» AIM OF THE TASK
Every line below from the one containing "4月25日、[ひらりちゃん]肝臓の薬ニチファーゲンをいただいています。" through the one containing "Stunning Lake Views!" is to be printed exactly, with the pictures omitted.

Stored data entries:
────────────────────
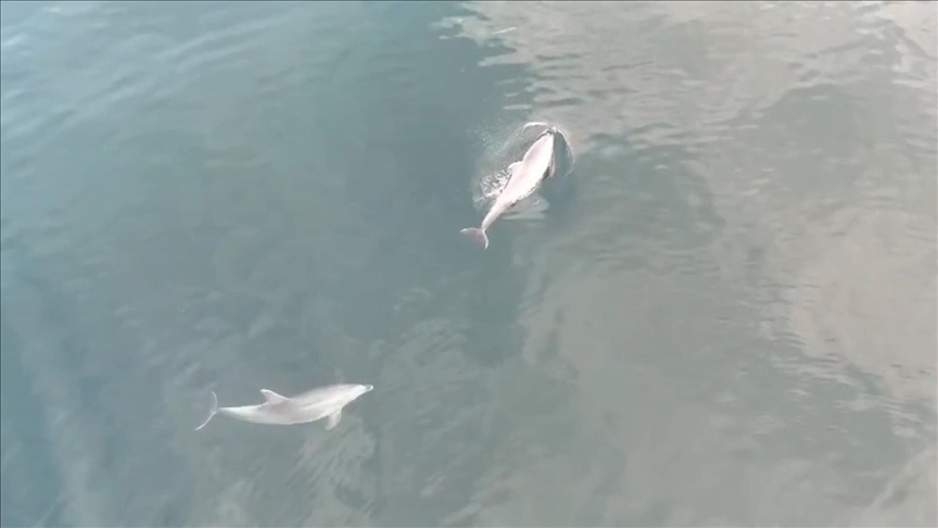 Anlık gelişmeler için AA Canlı Güzel, AA muhabirine, 3 yunusun denizde oynadığını görünce onları dronla görüntülemek istediğini söyledi.
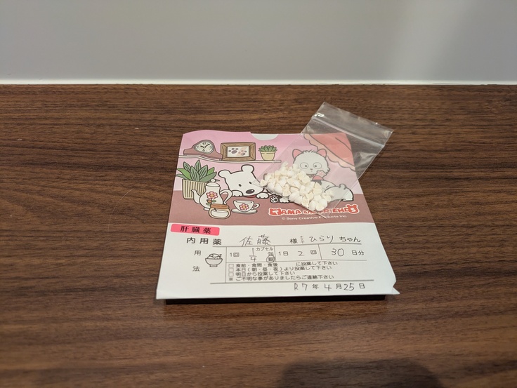 4月25日、[ひらりちゃん]肝臓の薬ニチファーゲンをいただいています。
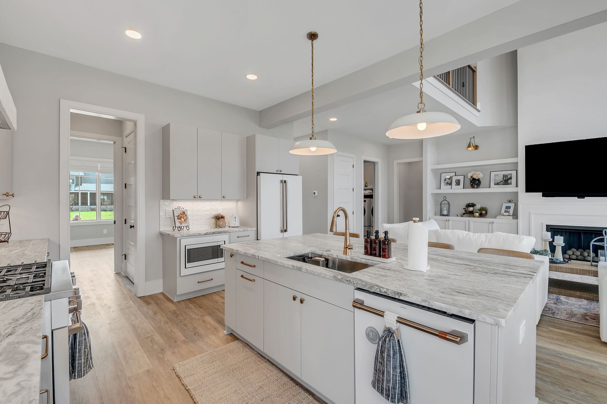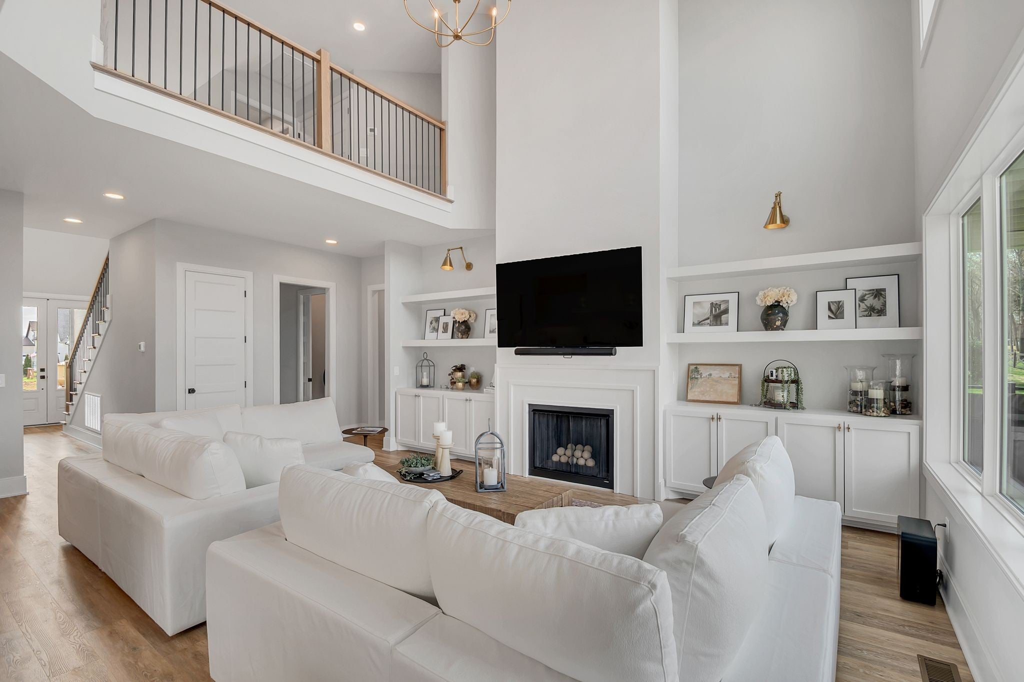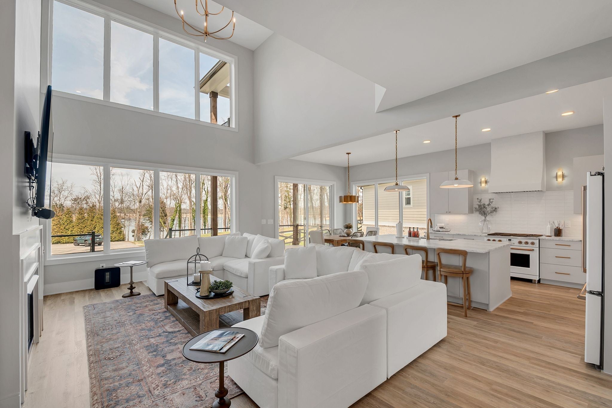 Stunning Lake Views! Experience luxury lake living in this beautifully designed home located on highly sought-after Hammock Drive in the gated community of Twin Creeks Village & Resort. The dramatic living room features soaring two-story ceilings, expansive windows showcasing gorgeous lake views, and a striking floor-to-ceiling gas fireplace with custom built-ins and designer sconces. The main-level primary suite offers a spa-inspired en-suite bath complete with a soaking tub and a separate shower with rainhead. Upstairs, a secondary suite includes its own soaking tub and large shower, while Bedrooms 3 and 4 share a convenient Jack-and-Jill bath. A HUGE bonus room with a full hallway bath provides flexible space for guests, recreation, or media. The chef’s kitchen is an entertainer’s dream, featuring granite or quartz countertops, pantry, coffee bar/wet bar area, plaster hood, and CAFE appliances including the refrigerator. Additional upgrades include tile flooring in the laundry room and designer finishes throughout. The versatile flex room with custom millwork can serve as a dining room, office, or sitting area. Whether you’re seeking the ultimate entertainer’s lake house or a private retreat for relaxation, this home offers it all. Furniture is negotiable. The 6 seat golf cart by Advanced EV remains with the house for you to enjoy. Twin Creeks Village & Resort amenities include three community pools, and Twin Creeks Marina—located just behind the neighborhood—offers boat slips for easy lake access. Tour the lake life today!
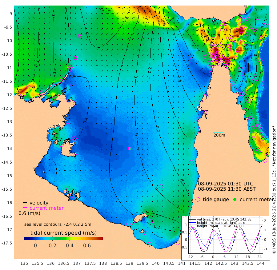 25cm/s 68T +3cm/s rms + 7cm/s -42T. ARA-GOC87 57m 18cm/s 2T +3cm/s rms + 2cm/s -2T. ARA-GOC87 60m 30cm/s 58T +2cm/s rms + 3cm/s 61T. ARA-GOC87 47m 120cm Daru 118cm Bobo Island 33cm Meer Island Barge 67cm Bramble Cay 101cm Unnamed Cay 99cm Pearce Cay 87cm Stephens Island 101cm Merrie England Shoals 118cm Mutacomal Reef 77cm Darnley Island Barge 39cm East Cay 96cm Yorke Island Barge 99cm Rennel Island 101cm Aureed Island 101cm Dungeness Reef 101cm Zagai Island 87cm Yam Island 39cm Dauan Island 43cm Saibai Island 71cm Phipi Reef 94cm Warrior Reef - West 19cm Mabuiag Island Barge 94cm Half Way Island 114cm Coconut Island 97cm Dugong Islet 99cm Poll Island 96cm Kirkcaldie Reef 93cm Suarji Island 96cm Sue Islet -93cm Hawkesbury Island 67cm Alert Patches 72cm Twin Island -60cm Badu Island 74cm St Pauls (Moa Island) -43cm Kubin (Moa Island) 28cm Ince Point 0cm Thursday Island 8cm Nardana Patches -36cm Turtle Head -44cm Round Island -98cm Goods Island -136cm Booby Island -117cm White Rocks Area -133cm Carpentaria 60cm Papou Point -106cm Bampfield Head -112cm Crab Island -128cm Red Wallis Island -70cm Packe Island 119cm Harrington Reef -102cm Herald Camp 30cm Sharp Point -30cm Red Island Point 33cm Possession Island 77cm Alpha Rock 94cm Frederick Point 123cm Wyborn Reef Light 120cm Tetley Island 34cm Triangle Reef 118cm Turtle Head Island 27cm Maclennan Cay 5cm Raine Island 91cm Mcsweeny Reef 81cm Collette Reef 38cm Shadwell Reef 90cm Hannibal Island 69cm Round Point -118cm Vrilya Point 53cm Cape Grenville 45cm Hicks Island 27cm Sir Charles Hardy Island 17cm Harvey Island 34cm Kay Reef 17cm Rocky Island 5cm Chapman Island 1cm Ham Reef 12cm Jubilee Reef 17cm Night Island 3cm Unnamed Reef No. 3 17cm Morris Island 6cm 1st 3 Mile Opening 10cm Creech Reef 23cm Fife Island 7cm Eden Reef 14cm Stanley Island 22cm Normanby River 0cm Yabooma Island 20cm Hutchison River 7cm Elcho Island 3cm North West Crocodile Island 33cm Cape Wessel 40cm Stevens Island 65cm Guluwuru Island 26cm Hopeful Bay 35cm Auster Point 25cm Two Island Bay 46cm Cadell Strait 137cm Mallison Island 63cm Melville Bay (Gove Harbour) 64cm Truant Island 52cm Cape Arnhem 57cm Cape Grey 58cm Hawk Island 57cm Milner Bay (Groote Eylandt) 44cm Cape Beatrice 43cm West Island 44cm Centre Island 57cm Mornington Island 49cm West Wellesley Islands 60cm Bountiful Island 69cm Albert River Mouth 106cm Sweers Island 71cm Karumba 11cm Nassau River Offshore -24cm Christmas Creek -62cm Archer River -77cm Boyd Point -91cm Weipa (Humbug Point) -71cm Pennefather River -112cm Cullen Point
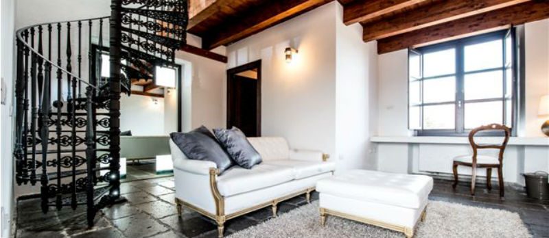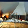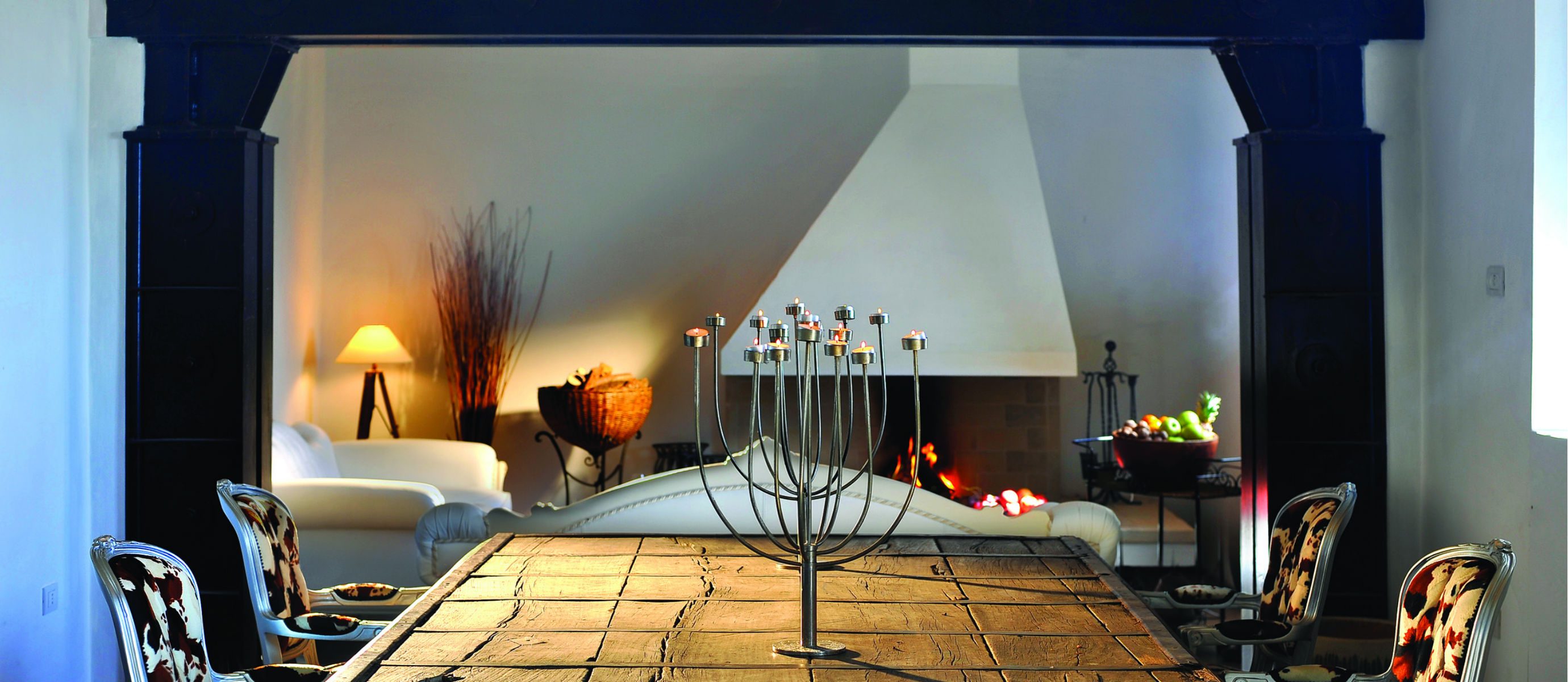 Ground Floor: Sitting room where the light colour of the stones in the vaults compliment the variety of designer objects and antique furnishings in the room. Dining rooms in the central part of the building, feature a magnificent convivial table that seats six and a large crystal table that seats ten. Huge iron beams and ceiling to floor windows have taken the place of the walls that once formed five separate rooms, creating space for different elegant lounges with comfortable white Louis XIV style sofas and a large fireplace.
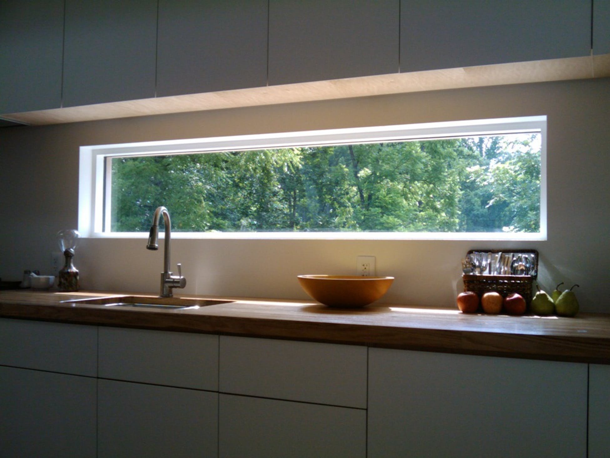 Узкое горизонтальное окно на кухне
────────────────────
» TASK OUTPUT
 4月25日、[ひらりちゃん]肝臓の薬ニチファーゲンをいただいています。
 Stunning Lake Views! Experience luxury lake living in this beautifully designed home located on highly sought-after Hammock Drive in the gated community of Twin Creeks Village & Resort. The dramatic living room features soaring two-story ceilings, expansive windows showcasing gorgeous lake views, and a striking floor-to-ceiling gas fireplace with custom built-ins and designer sconces. The main-level primary suite offers a spa-inspired en-suite bath complete with a soaking tub and a separate shower with rainhead. Upstairs, a secondary suite includes its own soaking tub and large shower, while Bedrooms 3 and 4 share a convenient Jack-and-Jill bath. A HUGE bonus room with a full hallway bath provides flexible space for guests, recreation, or media. The chef’s kitchen is an entertainer’s dream, featuring granite or quartz countertops, pantry, coffee bar/wet bar area, plaster hood, and CAFE appliances including the refrigerator. Additional upgrades include tile flooring in the laundry room and designer finishes throughout. The versatile flex room with custom millwork can serve as a dining room, office, or sitting area. Whether you’re seeking the ultimate entertainer’s lake house or a private retreat for relaxation, this home offers it all. Furniture is negotiable. The 6 seat golf cart by Advanced EV remains with the house for you to enjoy. Twin Creeks Village & Resort amenities include three community pools, and Twin Creeks Marina—located just behind the neighborhood—offers boat slips for easy lake access. Tour the lake life today!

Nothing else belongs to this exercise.